Under the proposal, a buyer’s ITC would be protected if the supplier has reported the invoice, resulting in its reflection in the buyer’s GSTR-2B, and the buyer is able to establish that the payment, including the GST component, was made through banking channels or other prescribed payment documents.
Tax authorities would, in such cases, pursue recovery from the defaulting supplier instead of denying credit to the purchaser, the people said.
The proposal was first cleared by the fitment committee, followed by the law committee later this week.
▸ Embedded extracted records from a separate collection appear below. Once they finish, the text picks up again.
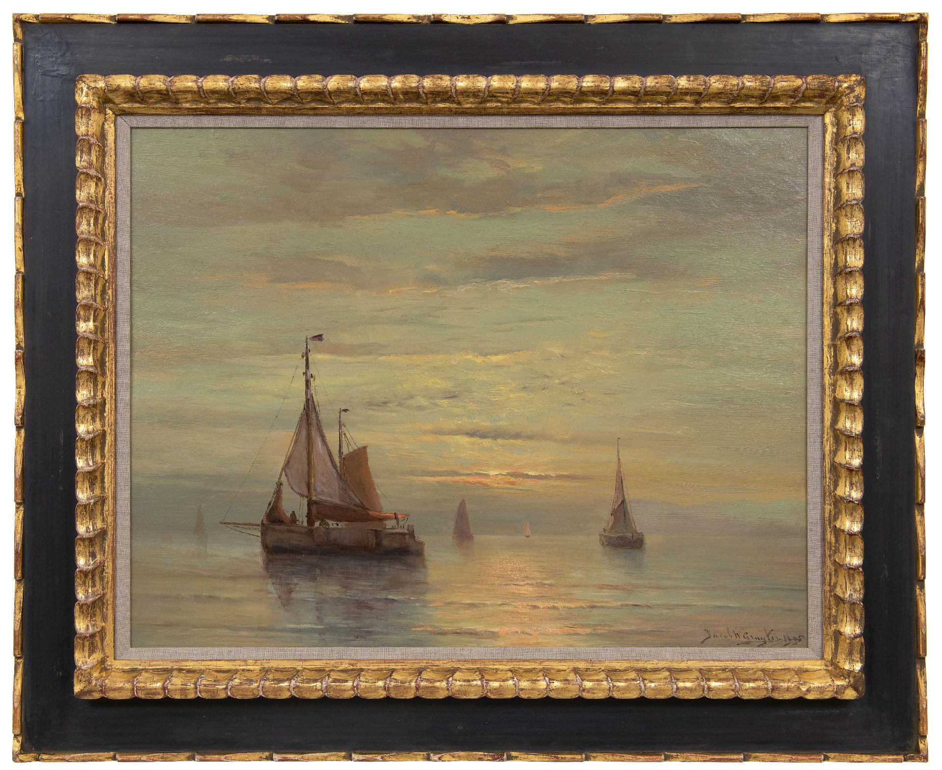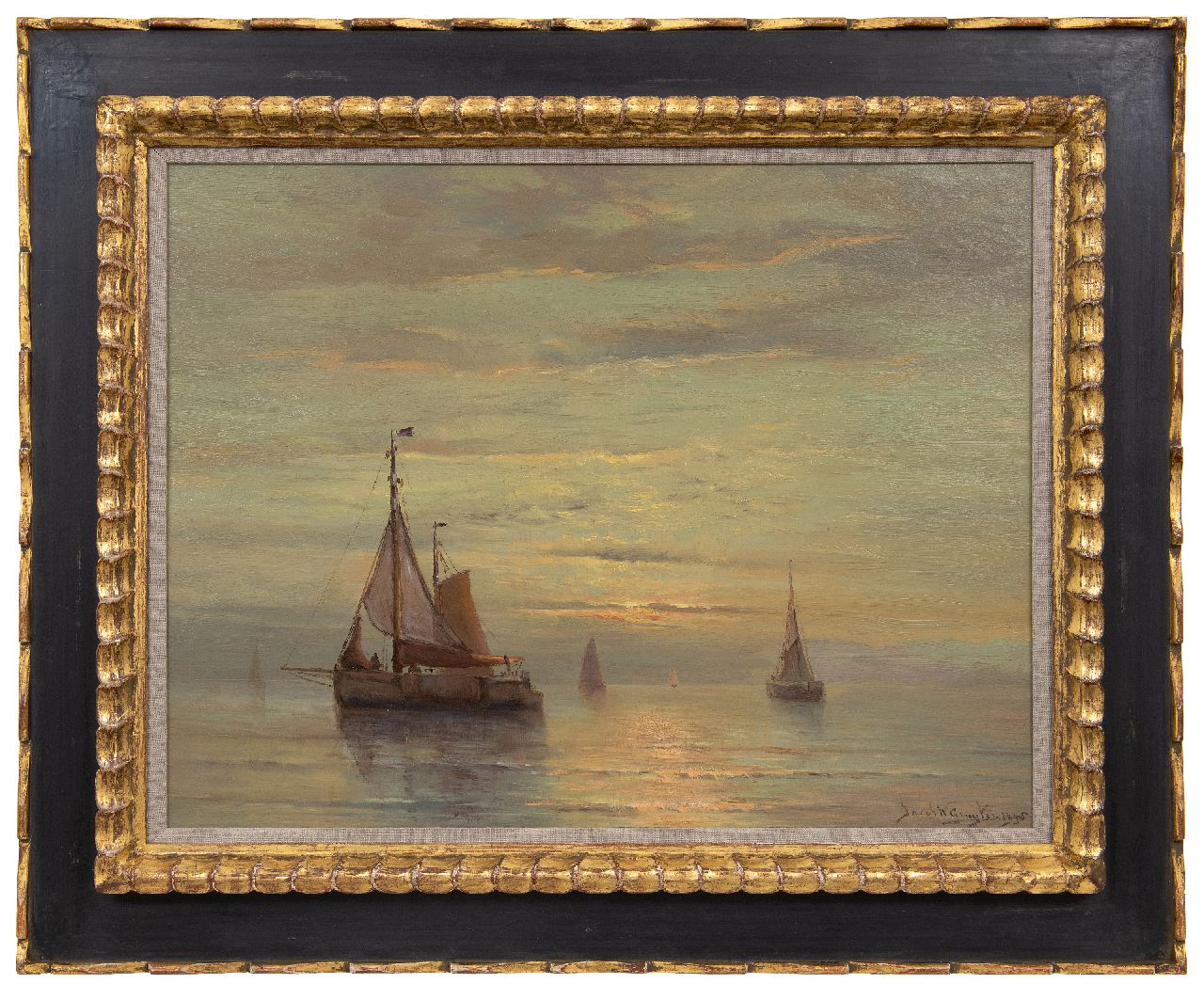 Jacob Willem Gruijter kunstwerk • schilderij • te koop Schepen op kalme zee bij zonsondergang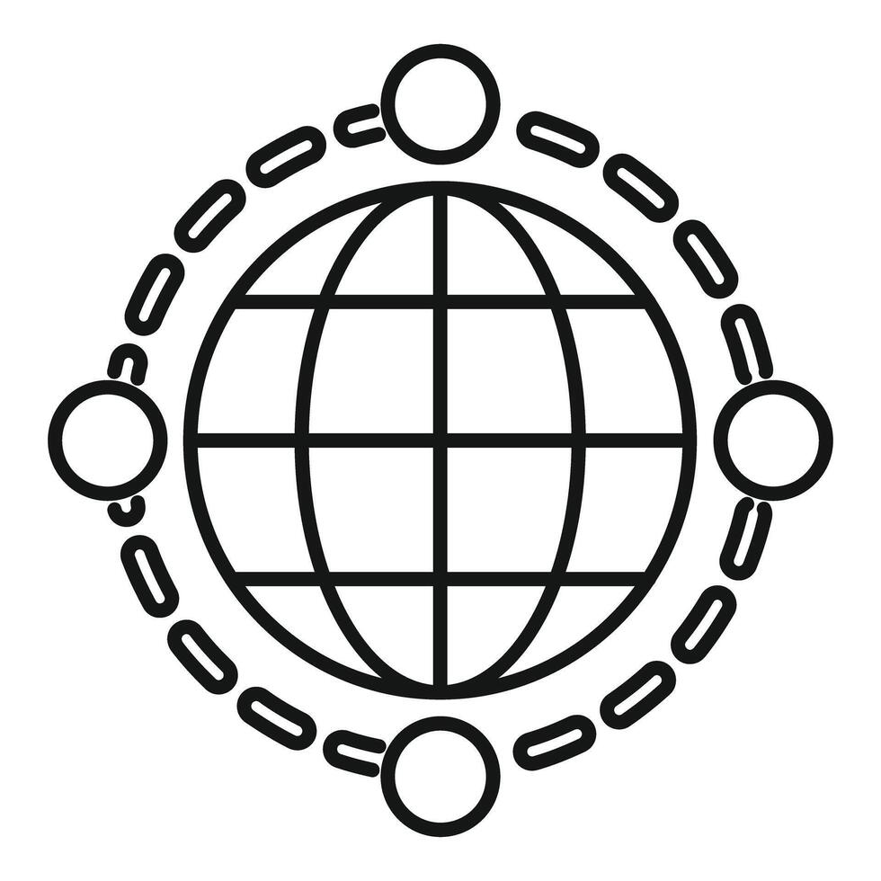 Simple line art illustration of a globe surrounded by connected circles, symbolizing world unity Pro Vector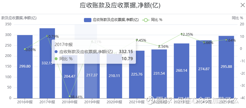 从2018年开始,中通服的应收从200增加到300,只增加100亿;而应付从284增加到675,增加了将近400亿。一来一回因为少付钱多出来了300亿,跟账上的现金差不多,也就是它的钱都是靠拖延支付应付账款产生的….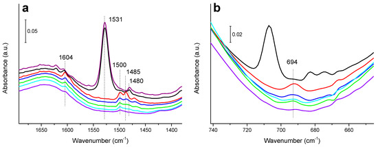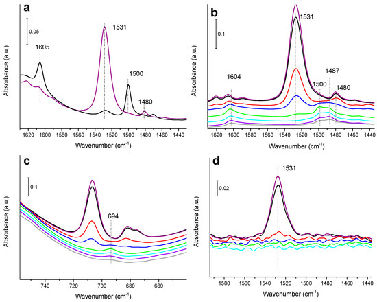 First, samples were submitted to activation at 240 °C in H2 flow (10 mL·min−1) for 1.5 h and then evacuated under dynamic vacuum of 10−5 mbar at 290 °C for 1 h. Next, the temperature in the cell was decreased to room temperature prior to reactants dosing. Samples were studied in terms of nitrobenzene adsorption and its reactivity with H2. In the first case, nitrobenzene was dosed at room temperature until saturation (~0.3 mbar, i.e., 3.68 × 10−6 mol) while, in the second one, after nitrobenzene adsorption at room temperature, samples were evacuated; then, H2 (~12 mbar, i.e., 147 × 10−6 mol) was introduced to the cell. After nitrobenzene or nitrobenzene/H2 dosing, the temperature of the cell was increased to 60, 90, 120, 140, 160, 180 and 200 °C, and the evolution of the formed species followed at each temperature, acquiring the IR spectrum after 20 min.

It is now expected to be taken up by the GST Council when it meets in the next few weeks, the people said.
“This was a pending demand of the industry, and the proposal is already cleared by both the committees, and it is likely to be on the agenda of the next council meeting,” a senior official told ET.
The official said the council will take a final call on whether a bona fide purchaser should be penalised for the tax default of a supplier.
Once cleared, this would address one of the most contentious issues under the regime. The move represents a significant shift from the current position under GST.Currently, businesses can be asked to reverse ITC even after paying the full invoice value, including GST, if the supplier fails to remit the tax to the government.
Industry has consistently argued that buyers have little control over a supplier’s post-sale tax compliance and shouldn’t be made to bear the consequences of another taxpayer’s default.
However, the official added the provision was incorporated because of a large number of cases regarding fake invoices and tax evasion.
GSTR-2B, the system-generated statement of eligible input tax credit, has increasingly become the principal document for ITC reconciliation and compliance.
Businesses have maintained that while they can verify supplier registrations and reconcile invoices through GSTR-2B, they don’t have any practical means of monitoring whether suppliers subsequently deposit the tax collected from customers. “If there is proper proof of payment through banking channels, it would provide objective evidence that the purchaser acted in good faith and fulfilled its obligations under the transaction which should help many genuine cases,” the official said.